Developers often face very large SQL queries that raise some error. SQLreduce is a tool to reduce that complexity to a minimal query.
SQLsmith is a tool that generates random SQL queries and runs them against a PostgreSQL server (and other DBMS types). The idea is that by fuzz-testing the query parser and executor, corner-case bugs can be found that would otherwise go unnoticed in manual testing or with the fixed set of test cases in PostgreSQL's regression test suite. It has proven to be an effective tool with over 100 bugs found in different areas in the PostgreSQL server and other products since 2015, including security bugs, ranging from executor bugs to segfaults in type and index method implementations. For example, in 2018, SQLsmith found that the following query triggered a segfault in PostgreSQL:
select
case when pg_catalog.lastval() < pg_catalog.pg_stat_get_bgwriter_maxwritten_clean() then case when pg_catalog.circle_sub_pt(
cast(cast(null as circle) as circle),
cast((select location from public.emp limit 1 offset 13)
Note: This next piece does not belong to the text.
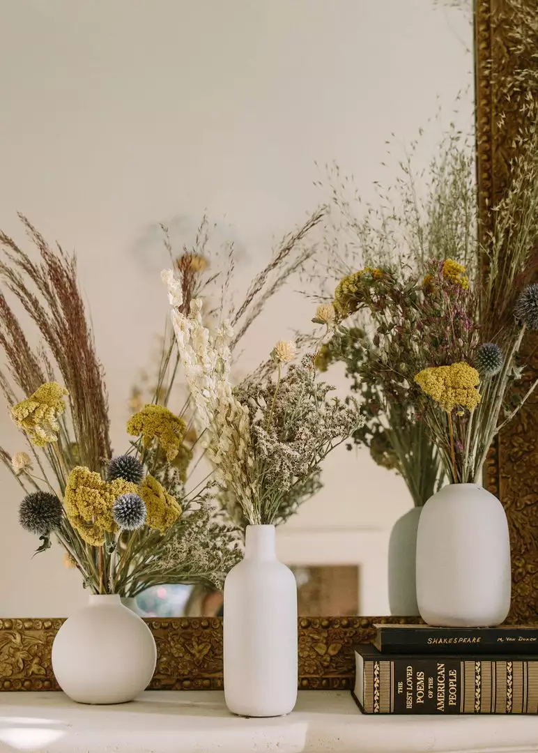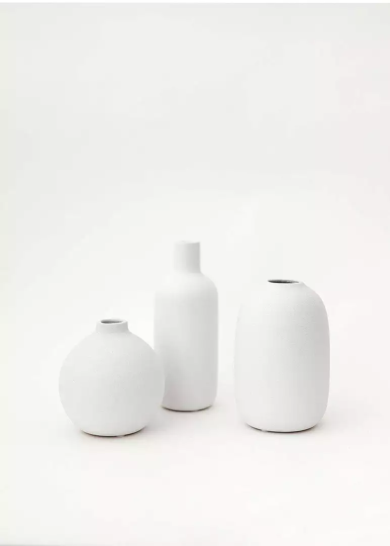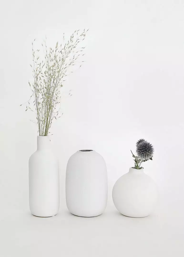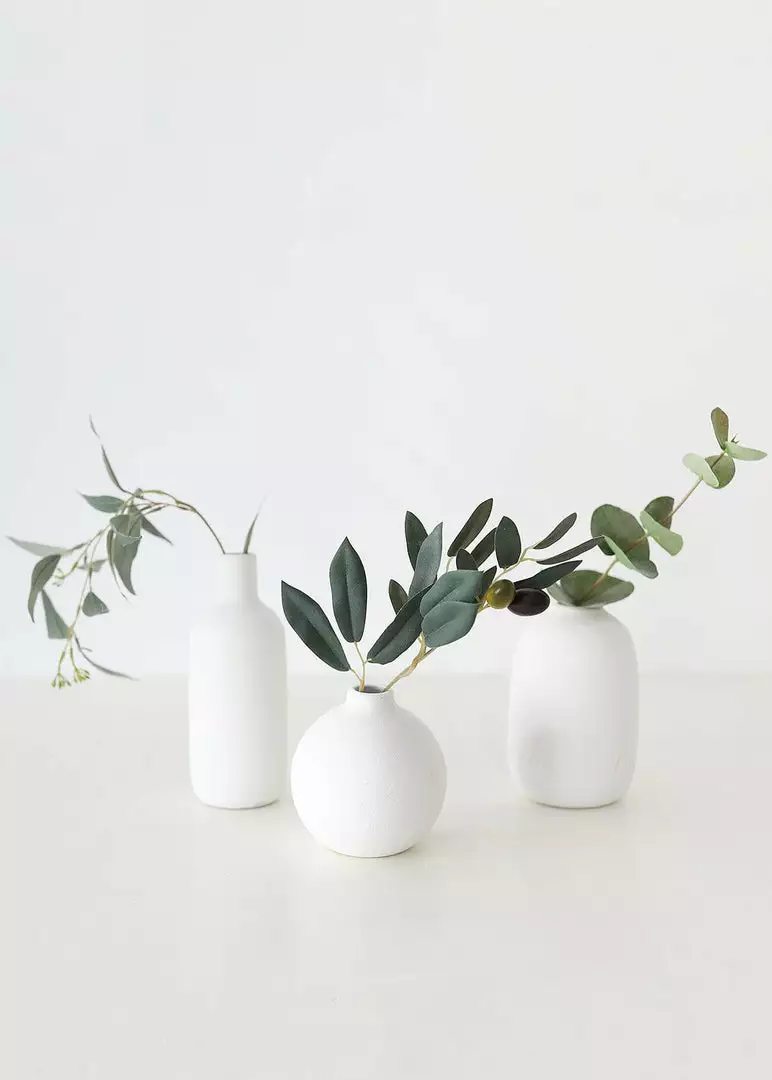 Find flower vases in different sizes for home tabletop and shelf styling, like this set of matte white ceramic bud vases in bottle, oval, and round shapes. Simply use a mix of artificial and dried stems to create your unique designs.

as point)) ~ cast(nullif(case when cast(null as box) &> (select boxcol from public.brintest limit 1 offset 2)
then (select f1 from public.circle_tbl limit 1 offset 4)
else (select f1 from public.circle_tbl limit 1 offset 4)
end,
case when (select pg_catalog.max(class) from public.f_star)
~~ ref_0.c then cast(null as circle) else cast(null as circle) end
) as circle) then ref_0.a else ref_0.a end
else case when pg_catalog.circle_sub_pt(
cast(cast(null as circle) as circle),
cast((select location from public.emp limit 1 offset 13)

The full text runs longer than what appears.